Тогда Американец ещё не догадывался, что ожидает его дочь впереди.
«С исхода десятого года уже признаки ужасной болезни тяготели над ней, — повествует кручинный автор „Биографии Сарры“. — Страсть к наукам не угасла, но занятия прерываемы были ужасными головными болями и болями в груди»[871].
Девочка стоически переносила страдания, по стихам В. А. Жуковского старательно «училась стопосложению»[872], однако писать не могла. Она становилась всё более меланхоличной, «искала уединённых мест, тёмных комнат»[873]; у неё быстро развилась болезненная, уродливая полнота.
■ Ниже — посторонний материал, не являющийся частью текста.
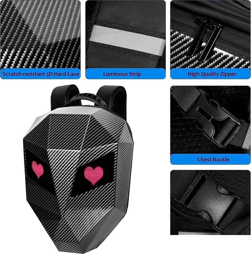 Pantalla LED interactiva Personaliza tu estilo con mensajes, dibujos o animaciones directamente desde la pantalla LED integrada.
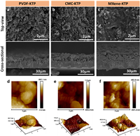 | Fig. 2. Morphologies of the KTi2(PO4)3 electrodes with PVDF, CMC or MXene as a binder. Top-view and cross-sectional SEM images of (a) PVDF-KTP, (b) CMC-KTP and (c) MXene-KTP. AFM images of (d) PVDF-KTP, (e) CMC-KTP, and (f) MXene-KTP. | |

Потом к болям добавились периодические «вскрикивания», а те перешли в «продолжительные, непрерывные вопли». У Сарры начались обмороки. Врачи и корзины лекарств уже не помогали ей: «Всё, всё было истощено; облегчения ни малейшего!»[874]
Три года промучилась Сарра — и три года не находили себе места её родители. Когда же бедняжка достигла тринадцатилетнего возраста, случилось вот что: «Необыкновенный случай вверг её в магнетическое состояние»[875].
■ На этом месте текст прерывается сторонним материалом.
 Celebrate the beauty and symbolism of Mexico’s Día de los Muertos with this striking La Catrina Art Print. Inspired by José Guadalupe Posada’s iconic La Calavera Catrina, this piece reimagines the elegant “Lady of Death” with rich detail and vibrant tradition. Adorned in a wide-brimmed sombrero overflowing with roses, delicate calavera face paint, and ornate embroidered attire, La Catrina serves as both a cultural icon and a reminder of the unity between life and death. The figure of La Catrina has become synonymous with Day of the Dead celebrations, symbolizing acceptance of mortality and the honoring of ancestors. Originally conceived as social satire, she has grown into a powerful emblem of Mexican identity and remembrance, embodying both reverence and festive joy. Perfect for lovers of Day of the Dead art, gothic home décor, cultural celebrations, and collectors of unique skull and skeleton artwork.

Пояснила это туманное сообщение автора «Биографии Сарры» П. Ф. Перфильева в своей хронике: «Лечение сестры начал сосед наш барон Штеренберг; он прежде не знал за собой магнетической силы, но как-то, шутя, начал магнетизировать сестру, и дело пошло на лад»[876].
Магнетические сеансы доморощенного, «без всяких сведений», врачевателя обнадёжили семейство Толстых: около полутора лет Сарра чувствовала себя довольно сносно.
В эту пору она много читала, занималась музыкой, пела; начала сочинять (никому не показывая) стихи, преимущественно на английском и немецком языках[877]. «Общий характер этих сочинений, — размышлял позднее переводчик творений графини М. Н. Лихонин, — есть какая-то исполненная грусти мечтательность, которая, создавая себе в фантазии всевозможные неудачи обманутого сердца, обращает полный слезами взор свой к безмятежным небесам и, разочарованная на земле, ищет отрады и успокоения в мире надзвёздном»[878].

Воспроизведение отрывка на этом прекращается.